- _DATASET EXCERPTS_:
◇ ◇ ◇ ◇

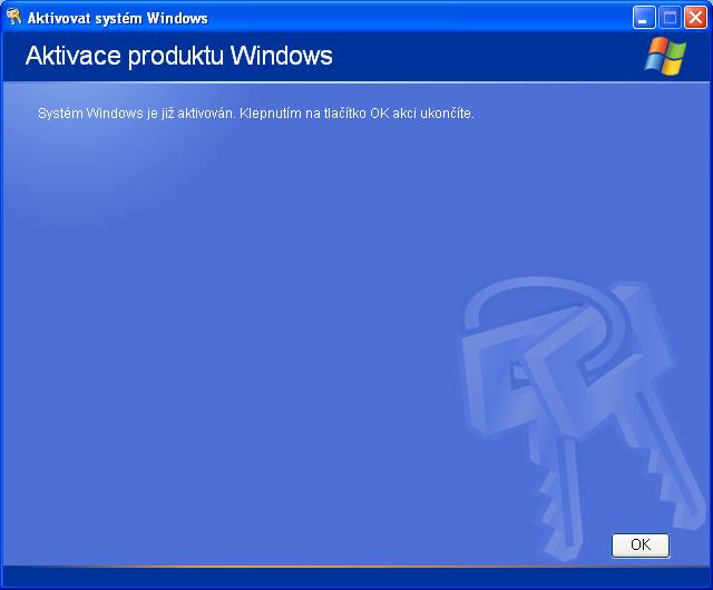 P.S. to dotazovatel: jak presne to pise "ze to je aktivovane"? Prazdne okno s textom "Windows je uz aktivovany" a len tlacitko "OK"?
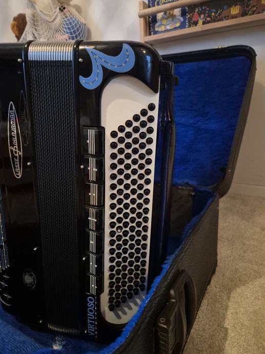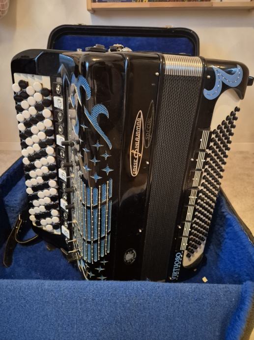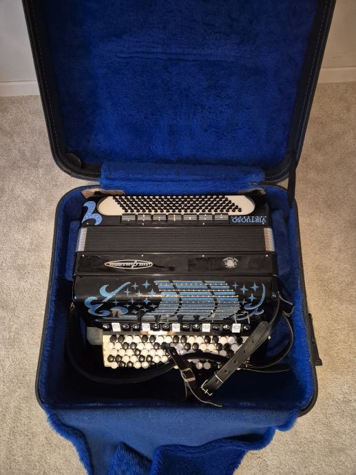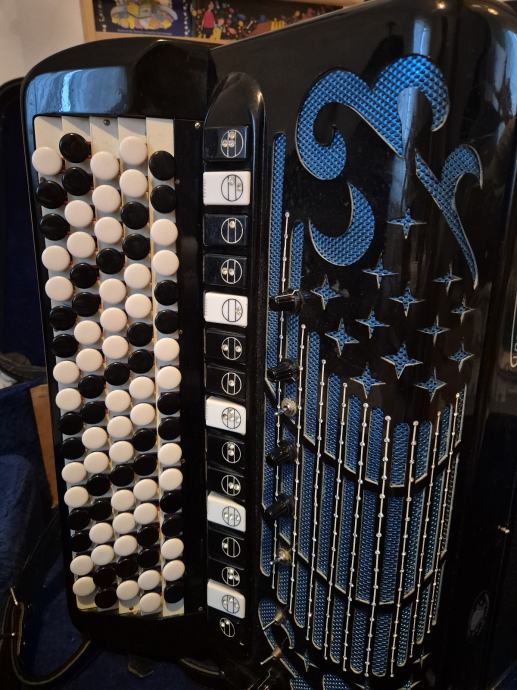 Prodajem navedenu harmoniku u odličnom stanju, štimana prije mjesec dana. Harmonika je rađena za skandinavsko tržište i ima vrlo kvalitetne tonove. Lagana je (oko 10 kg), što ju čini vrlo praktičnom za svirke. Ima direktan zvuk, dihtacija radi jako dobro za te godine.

◇ ◇ ◇ ◇

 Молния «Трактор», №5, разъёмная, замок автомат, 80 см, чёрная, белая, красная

◇ ◇ ◇ ◇

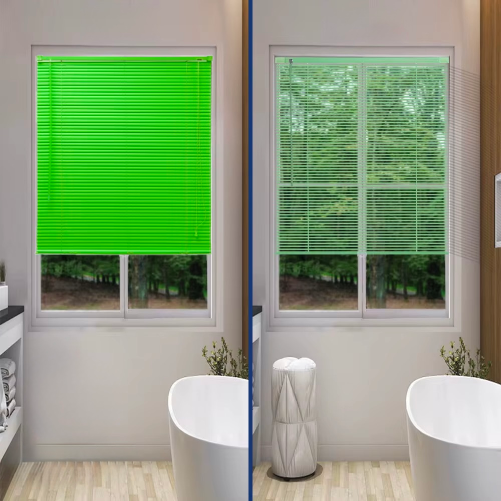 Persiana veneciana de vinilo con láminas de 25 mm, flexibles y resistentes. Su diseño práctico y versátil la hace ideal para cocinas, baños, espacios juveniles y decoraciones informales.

◇ ◇ ◇ ◇

- _WHAT THE TASK ASKS_:
The answer must be the lines above from the one containing "P.S. to dotazovatel: jak" through the one containing "Prodajem navedenu harmoniku", reproduced exactly, with no pictures and nothing else.

- _TASK RESULT_:
 P.S. to dotazovatel: jak presne to pise "ze to je aktivovane"? Prazdne okno s textom "Windows je uz aktivovany" a len tlacitko "OK"?
 Prodajem navedenu harmoniku u odličnom stanju, štimana prije mjesec dana. Harmonika je rađena za skandinavsko tržište i ima vrlo kvalitetne tonove. Lagana je (oko 10 kg), što ju čini vrlo praktičnom za svirke. Ima direktan zvuk, dihtacija radi jako dobro za te godine.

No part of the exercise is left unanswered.